▶ **Data provided**
:::
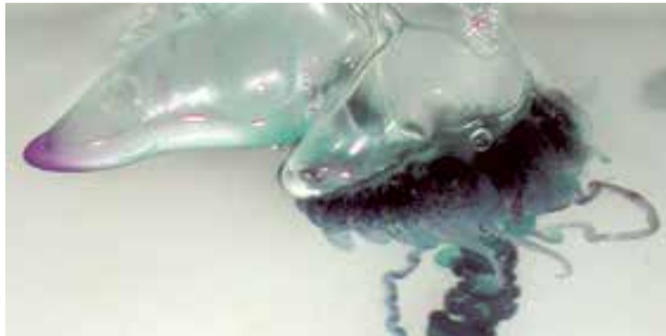
Physalia physalis es el nombre científico de la peligrosa carabela portuguesa

El lunes 21 de mayo al atardecer un vecino del Molinar localizó unos restos que posteriormente se identificaron como pertenecientes a un ejemplar muerto del hidrozoo y posteriormente el Servicio de Playas del Ayuntamiento activó el pro-
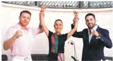
EL BOXEADOR (IZQ.) posa junto a la candidata presidencial ayer.

EL PUGILISTA se reúne con Sheinbaum para expresar su apoyo; "yo sé que va a ganar", le dice; la candidata de la 4T llama a abarrotar las urnas
:::
▶ **Work to complete**
From the first line to the last, write out the data exactly, dropping any pictures.

▶ **Result for this exercise**
Physalia physalis es el nombre científico de la peligrosa carabela portuguesa

El lunes 21 de mayo al atardecer un vecino del Molinar localizó unos restos que posteriormente se identificaron como pertenecientes a un ejemplar muerto del hidrozoo y posteriormente el Servicio de Playas del Ayuntamiento activó el pro-
EL BOXEADOR (IZQ.) posa junto a la candidata presidencial ayer.

EL PUGILISTA se reúne con Sheinbaum para expresar su apoyo; "yo sé que va a ganar", le dice; la candidata de la 4T llama a abarrotar las urnas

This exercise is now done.